Inputs to the cerebellar cortex
The cerebellar cortex has three layers and consists of five cell types which are organized into a simple circuit repeated millions of times as shown in figure below.
Figure: The basic circuitry of the cerebellar cortex. Mossy fibers (mf) and climbing fibers (cf) are excitatory, as are granule cells and intracerebellar nuclei cells. All other cell kinds are inhibitory. Stellate and basket cells inhibit adjoining Purkinje cells (PCs). Here, pf=parallel fiber.

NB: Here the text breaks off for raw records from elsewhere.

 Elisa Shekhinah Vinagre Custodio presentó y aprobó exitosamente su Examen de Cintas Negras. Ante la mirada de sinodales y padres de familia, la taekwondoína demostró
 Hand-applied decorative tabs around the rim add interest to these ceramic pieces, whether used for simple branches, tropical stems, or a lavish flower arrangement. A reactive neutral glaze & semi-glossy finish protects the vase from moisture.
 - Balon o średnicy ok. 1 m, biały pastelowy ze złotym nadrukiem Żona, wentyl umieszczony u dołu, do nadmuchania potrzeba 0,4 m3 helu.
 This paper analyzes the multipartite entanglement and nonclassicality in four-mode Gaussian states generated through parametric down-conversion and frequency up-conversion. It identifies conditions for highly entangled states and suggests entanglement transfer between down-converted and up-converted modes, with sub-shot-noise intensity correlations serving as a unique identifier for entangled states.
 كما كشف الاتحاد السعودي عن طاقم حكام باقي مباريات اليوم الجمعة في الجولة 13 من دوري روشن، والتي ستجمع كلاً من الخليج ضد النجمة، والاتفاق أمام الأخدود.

The main input to the cerebellum is mossy fibers (mf), axons of second-order neurons from the spinal cord and brainstem passing on proprioceptor input, or the pontinecerebellar relay from the cerebral cortex conveying motor and sensory signals. Each mossy fiber terminates in a discrete patch of cortex. Mossy fibers are excitatory and glutamatergic, and after giving off an axon collateral that goes to the suitable deep cerebella nucleus, they synapse with granule cells in the synaptic complexes known as glomeruli which is as shown in figure. Each glomerulus consists of the swollen terminal of a single mossy fiber that forms 15–20 synapses with the surrounding dendrites of 4 to 5 granule cells. Mossy fibers branch, therefore each one can excite around 30 granule cells. Every granule cell is contacted by 5 to 8 mossy fibers. Glomeruli also consist of axodendritic synapses among Golgi cells as shown below and granule cells.
Figure: The structure of a cerebellar glomerulus. All synapses are axodendritic.

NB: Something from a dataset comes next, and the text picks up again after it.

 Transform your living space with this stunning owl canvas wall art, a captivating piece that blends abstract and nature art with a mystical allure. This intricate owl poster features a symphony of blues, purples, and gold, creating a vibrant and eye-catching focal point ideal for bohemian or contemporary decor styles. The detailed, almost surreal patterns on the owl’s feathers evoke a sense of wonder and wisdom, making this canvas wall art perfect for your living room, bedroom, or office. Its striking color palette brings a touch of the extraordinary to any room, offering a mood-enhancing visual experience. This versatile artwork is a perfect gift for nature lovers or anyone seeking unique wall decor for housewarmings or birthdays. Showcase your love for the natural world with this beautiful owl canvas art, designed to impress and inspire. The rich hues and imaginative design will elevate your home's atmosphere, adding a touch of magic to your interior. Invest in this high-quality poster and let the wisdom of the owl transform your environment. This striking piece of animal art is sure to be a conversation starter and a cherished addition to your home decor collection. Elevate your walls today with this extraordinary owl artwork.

Granule cells in the granule cell layer are small (5–8 µm diameters) and one of the most frequent neurons kinds in the brain. Granule cell axons ascend to the most superficial layer of the cerebellar cortex, the molecular layer, wherever they bifurcate into parallel fibers which in primates expand for 6 mm or therefore in each direction along the long axis of a folium. The parallel fibers intersect with the perpendicularly oriented planar dendritic trees of Purkinje neurons. Since of this arrangement every parallel fiber excites a longitudinal beam of 2000–3000 Purkinje cells, making merely a single synapse with each one. Every Purkinje cell is contacted by around 200000 parallel fibers. Mossy fibers, and the granule cells determined by them, contain high background firing rates (50–100 Hz) which is changed by sensory input and during movements. The consequence of parallel fiber activity is to cause the Purkinje cell to fire simple spikes repetitively as shown in figure (a). Purkinje cells fire at background rates between 20 to 50 Hz and even weak mossy fiber input generates increased Purkinje cell firing. Furthermore, as Purkinje cells can fire in excess of 400 Hz they can follow a broad variety in firing of mossy fiber inputs.
Figure: Simple (a) and complex (b) spikes of Purkinje cells produced by mossy fiber or climbing fiber activation correspondingly.
The second input to the cerebellum is climbing fibers which come completely from the inferior olivary nucleus (ION) through the olivocerebellar tract. Each climbing fiber, of which there are around 15 million in humans, begins contact with around 10 Purkinje cells; each Purkinje cell acquiring input from merely one climbing fiber which winds its way round the soma and dendrites making around 300 powerful glutamatergic, excitatory synapses. The climbing fibers fire with a frequency of 1–10 Hz, each time causing the Purkinje cell to release a complex spike as shown in figure (b).A third diffuse set of inputs come from monoaminergic cells in the brainstem. They begin sparse connections with deep cerebellar nuclei and cortex to generate modulating effects.